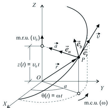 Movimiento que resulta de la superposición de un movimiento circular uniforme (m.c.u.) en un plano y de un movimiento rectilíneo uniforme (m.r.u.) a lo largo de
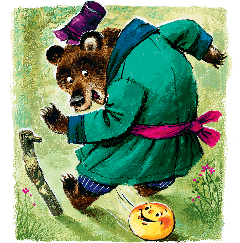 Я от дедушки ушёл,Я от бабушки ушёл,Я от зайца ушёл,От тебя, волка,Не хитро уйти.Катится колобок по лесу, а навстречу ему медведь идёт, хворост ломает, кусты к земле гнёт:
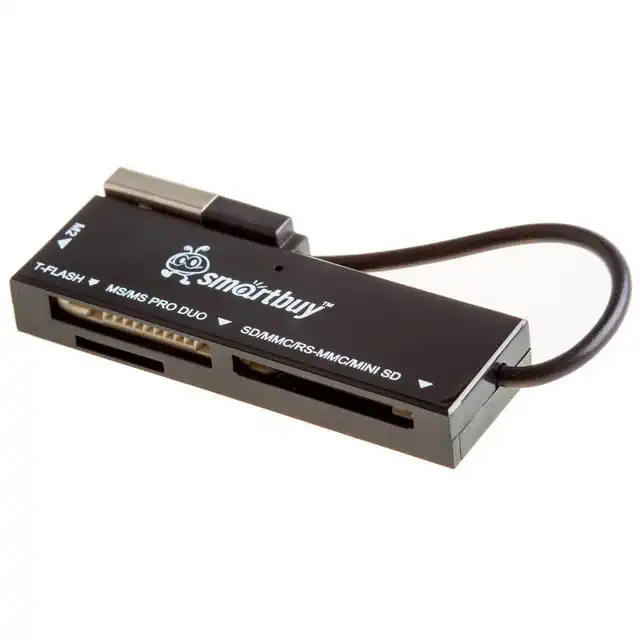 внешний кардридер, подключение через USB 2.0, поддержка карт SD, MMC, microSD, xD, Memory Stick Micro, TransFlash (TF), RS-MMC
---
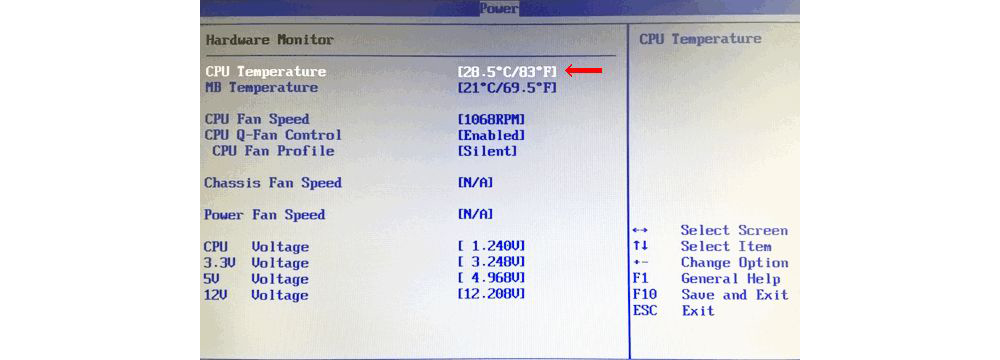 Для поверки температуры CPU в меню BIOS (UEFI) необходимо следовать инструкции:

TASK DESCRIPTION
Above are records; repeat only the lines from the line with "Movimiento que resulta" through the line with "внешний кардридер, подключение", and leave pictures out.

ANSWER BOX
 Movimiento que resulta de la superposición de un movimiento circular uniforme (m.c.u.) en un plano y de un movimiento rectilíneo uniforme (m.r.u.) a lo largo de
 Я от дедушки ушёл,Я от бабушки ушёл,Я от зайца ушёл,От тебя, волка,Не хитро уйти.Катится колобок по лесу, а навстречу ему медведь идёт, хворост ломает, кусты к земле гнёт:
 внешний кардридер, подключение через USB 2.0, поддержка карт SD, MMC, microSD, xD, Memory Stick Micro, TransFlash (TF), RS-MMC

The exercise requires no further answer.